Data Analysis of Public Education Funding
Introduction
Myself and two others competed in the 2023 UTSA Rowdy Datathon competition.
We were tasked with analyzing public school data to identify what areas of focus should be highlighted in order to increase educational attainment. To accomplish this, we performed lengthy data cleaning, and exploratory data analysis using SQL and R on four different datasets.
We decided to limit most of our analysis to Texas in order to provide more accurate conclusions.
We then identified factors/predictors that provided a strong correlation to achieving educational attainment. Additionally, we uncovered many unique observations and trends.
Upon completion of the Datathon, we presented to a panel of judges, resulting in winning 2nd Place in our category
Datasets Utilized and Tools
We used SQL, Excel, Tableau, and R running on Rstudio.
Our Data came from:
Civil Rights Data Collection
School District Geographic Relationship
Small Area Income and Poverty Estimates
School Location and Geo Assignment
Results
Our first analysis was regarding the number of Students per School District vs. the number of students in poverty for all school districts in the US.
Secondly we sought to identify key socioeconomic factors.
This view shows the number of SAT test takers per LEA (school district), with blue indicating whether a LEA is listed as Title 1 (low income).
When we compare the results in Texas to a nearby state (Oklahoma), we see that the percent of low income districts in Texas is much lower. Obviously, the number of low income districts is greater in Texas due to it’s massize state size.
Federal Funding vs SAT/ACT test takers
This view shows that schools that receive more federal funding are correlated with the number of SAT/ACT test takers that come from that district.
LEA districts by funding sources
Key Takeaways
My biggest lesson learned was the importance of data cleaning. This ate up most of our time in the competition. First I hit a wall with one of the tools we were using and then, once I switched tools, I realized that there were datatype issues that needed to be sorted out. On top of that, we needed to aggregate all the data which was a task in and of itself.
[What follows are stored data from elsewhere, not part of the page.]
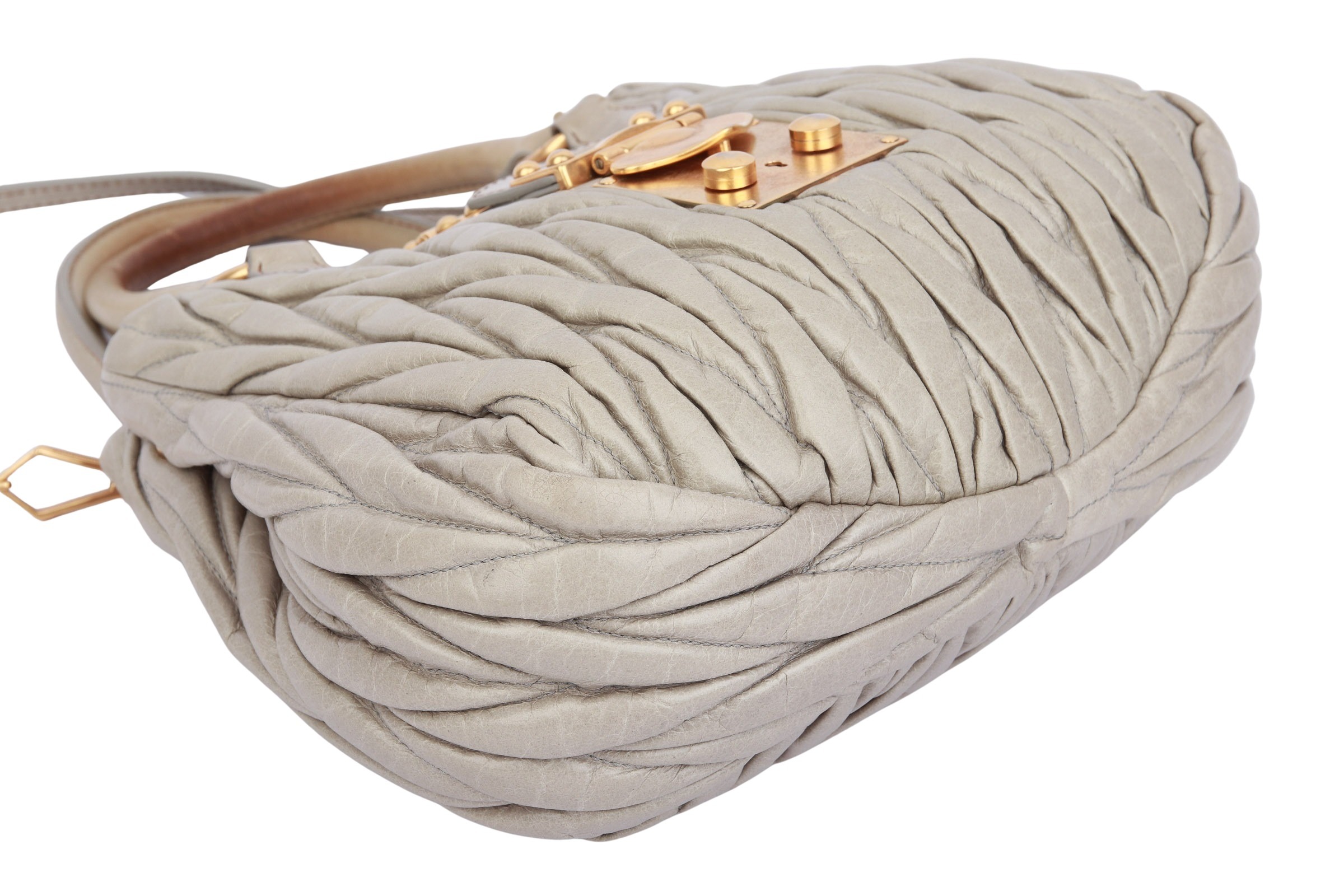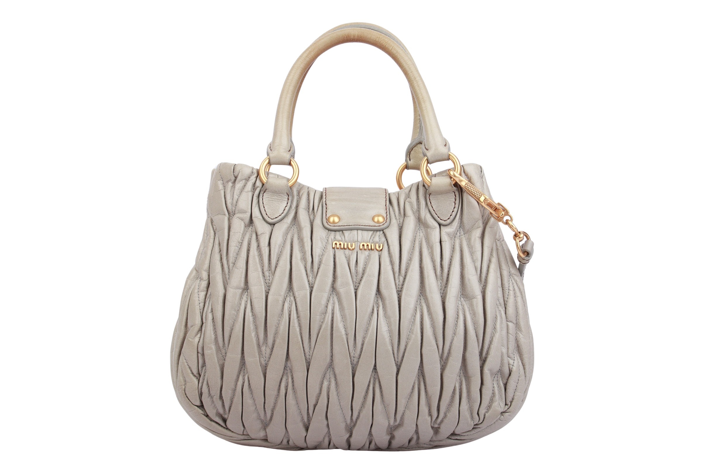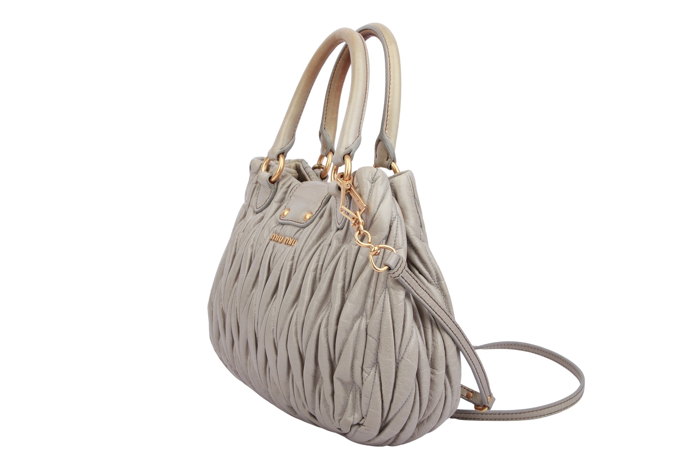 Die Miu Miu Matelassé Umhängetasche in elegantem Grau vereint luxuriösen Stil mit praktischer Funktionalität. Das weiche, quilted Leder in der charakteristischen Matelassé-Optik verleiht der Tasche eine edle Textur und zeitlose Eleganz.
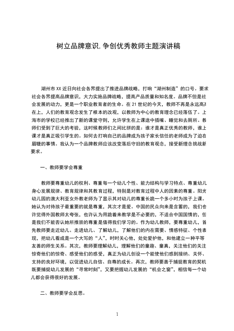 湖州市XX近日向社会各界提出了推进品牌战略,打响“湖州制造”的口号。要求社会各界提高品牌意识,大力实施品牌战略,提高产品质量和知名度。品牌不但是社会发展的动力,更是一个职业教育者的生命。在21世纪的今天,教师不再是永远高高在上,人们的教育观念发生了根本的改观,以教师为中心的教育理念已经落伍了。上海市的学校已经推出了新的课堂守则,允许学生在上课途中插嘴、睡觉和去厕所。教师们受到了巨大的考验,这时候教师们之间比拼的是:谁才是真正优秀的教师,谁上课才是真正吸引学生的。如何去打响自己的品牌成为孩子家长信任的老师成为了迫在眉睫的事情。我认为一个品牌教师应该改变落后守旧的教育观念,接受新理念挑战新要求。
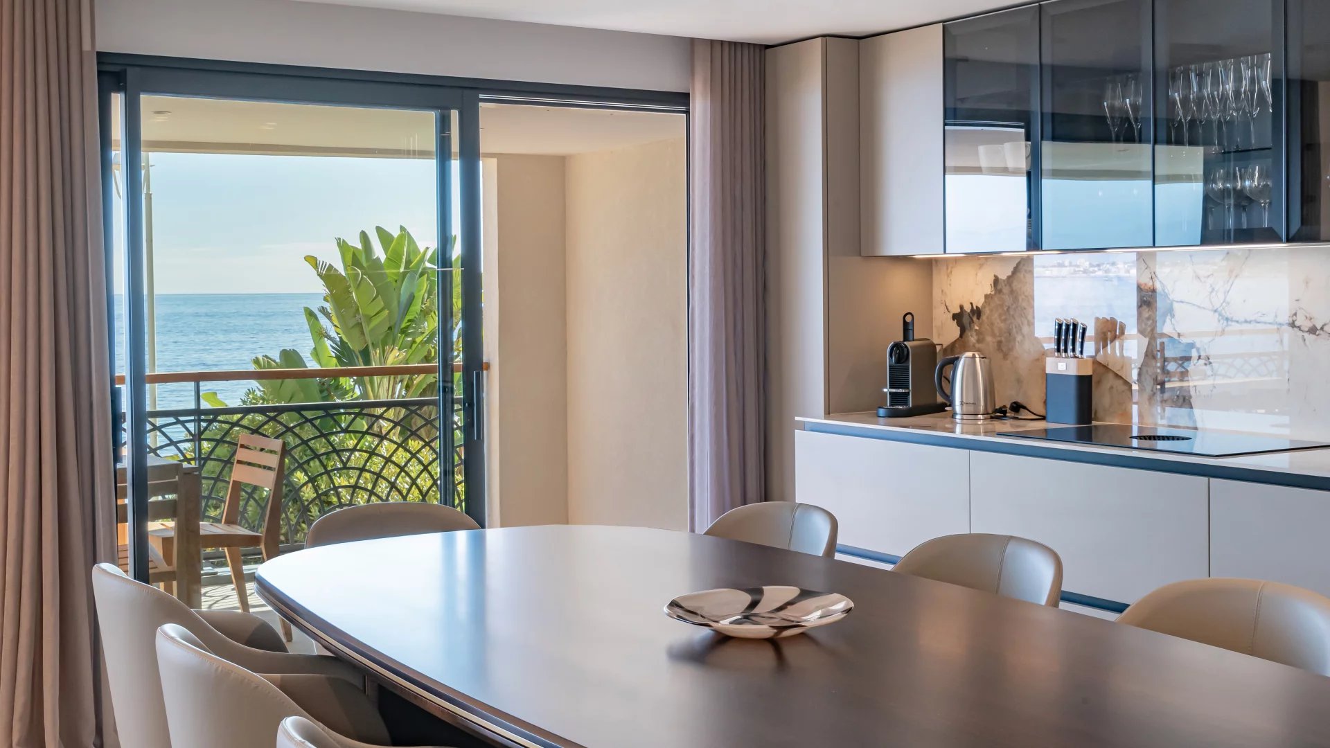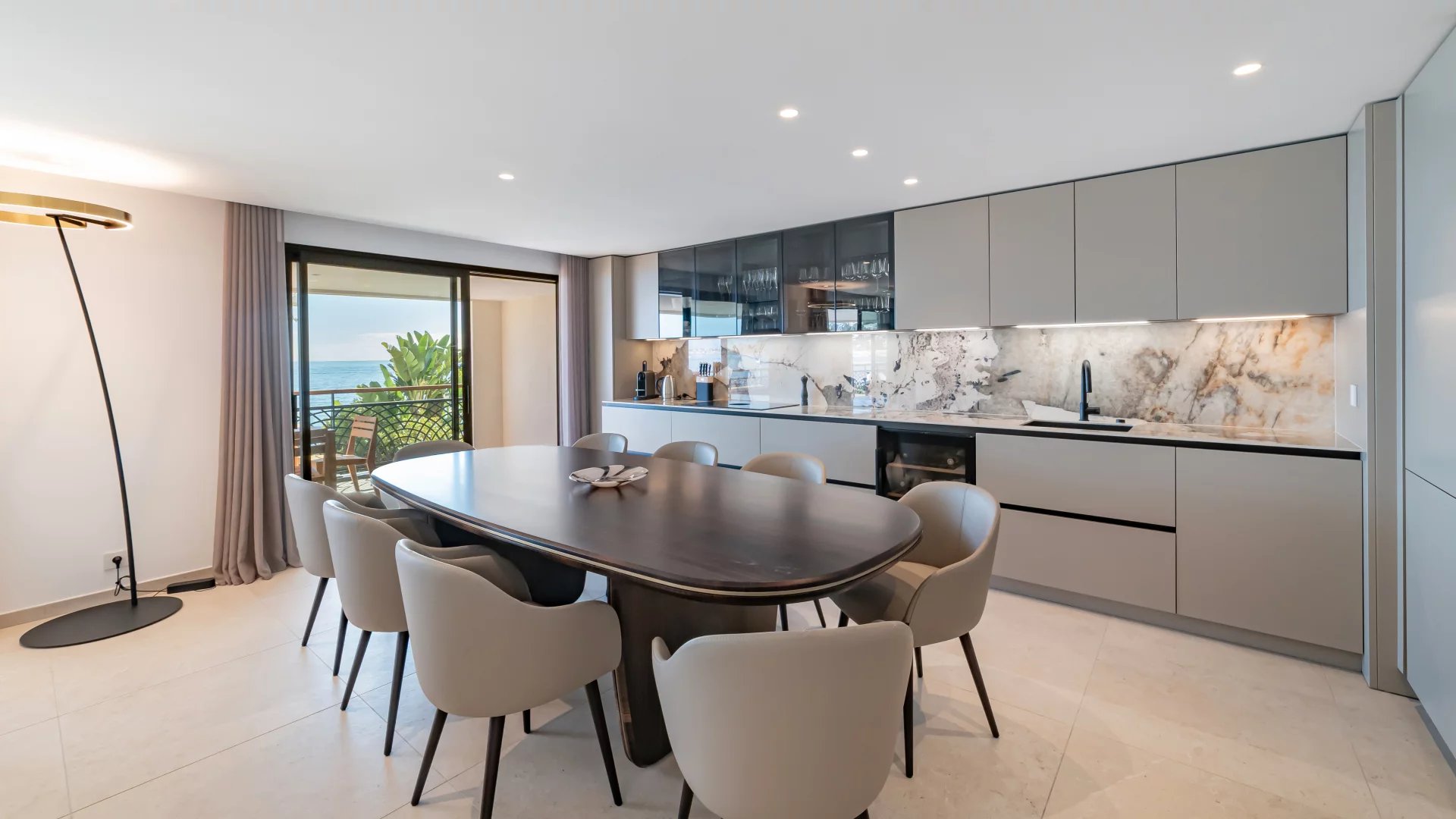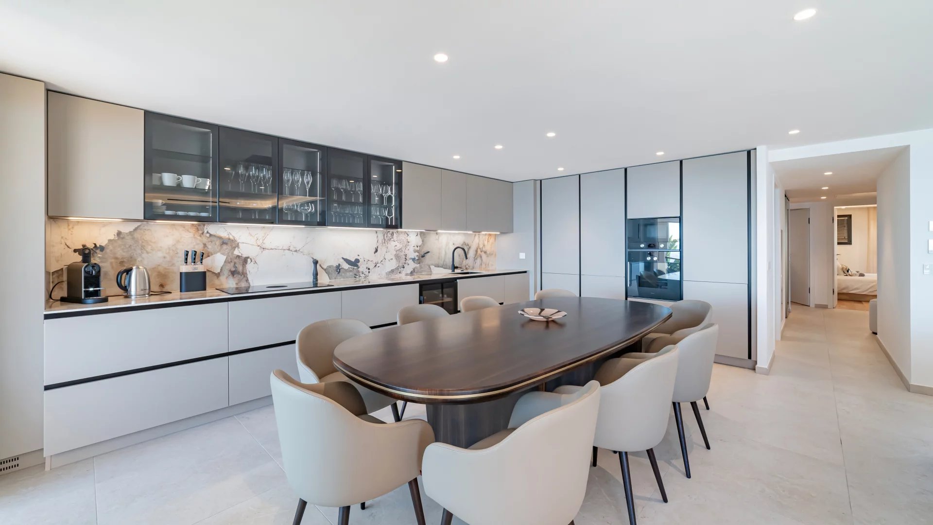 The entrance opens into a spacious living area with lounge, dining room, and a fully equipped open kitchen, all leading onto a large terrace facing the sea.

Thankfully, a handful of hours before time was up, I created a R Script that would clean all the data, aggregate it, and then generate it in a usable format.
Future Work
We narrowed our future research goals to:
Research SAT scores across differet Race and Ethnicity groups.
Compare advanced math, AP scores, etc. to see if the relationships we discovered were consistent.
Identify which states are most effective at tackling the problems we discovered and assess what we learn from their strategies.